Words by Sam Haddad | Photos courtesy of the Chris Bonington Picture Library
Losing someone you love can send you to a pretty dark place. But in the case of Sir Chris Bonington, arguably Britain’s most important mountaineer of the past century, grief can also take you somewhere a lot less expected. Namely to the Old Man of Hoy, a precarious sandstone sea stack 150 metres high in the sky above the Orkney archipelago.
83-year-old Bonington has twice suffered from a serious bereavement. First in 1966, when he lost his three-year-old son Conrad in a drowning accident, and then in 2014 when Wendy, his wife of 50 years, died from Motor Neurone Disease. Each time a climbing friend, first Tom Patey and later Leo Houlding sought to lift him from his deep anguish by suggesting they climb the iconic rock tower in northeastern Scotland.
“I sought consolation in this wild and lonely place…”

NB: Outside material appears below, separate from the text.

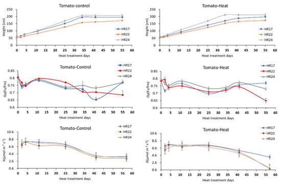 - Aldubai, A.A.; Alsadon, A.A.; Migdadi, H.H.; Alghamdi, S.S.; Al-Faifi, S.A.; Afzal, M. Response of Tomato (Solanum lycopersicum L.) Genotypes to Heat Stress Using Morphological and Expression Study. Plants 2022, 11, 615. [Google Scholar] [CrossRef] [PubMed]

When his son died, Bonington had been climbing in Ecuador. Communication being what it was in the mid-1960s it took him days to find out the news, which made things even tougher for him and his wife Wendy back home. “I travelled non-stop to get back to England,” he tells me. “Then some weeks later Tom Patey [a leading Scottish climber at the time] one of the best climbing mates I’ve ever had, phoned me up and said, ‘We’re going to climb the sea stack the Old Man of Hoy.’ At first I thought, ‘No.’ But Wendy insisted I go for it. It did me the world of good.”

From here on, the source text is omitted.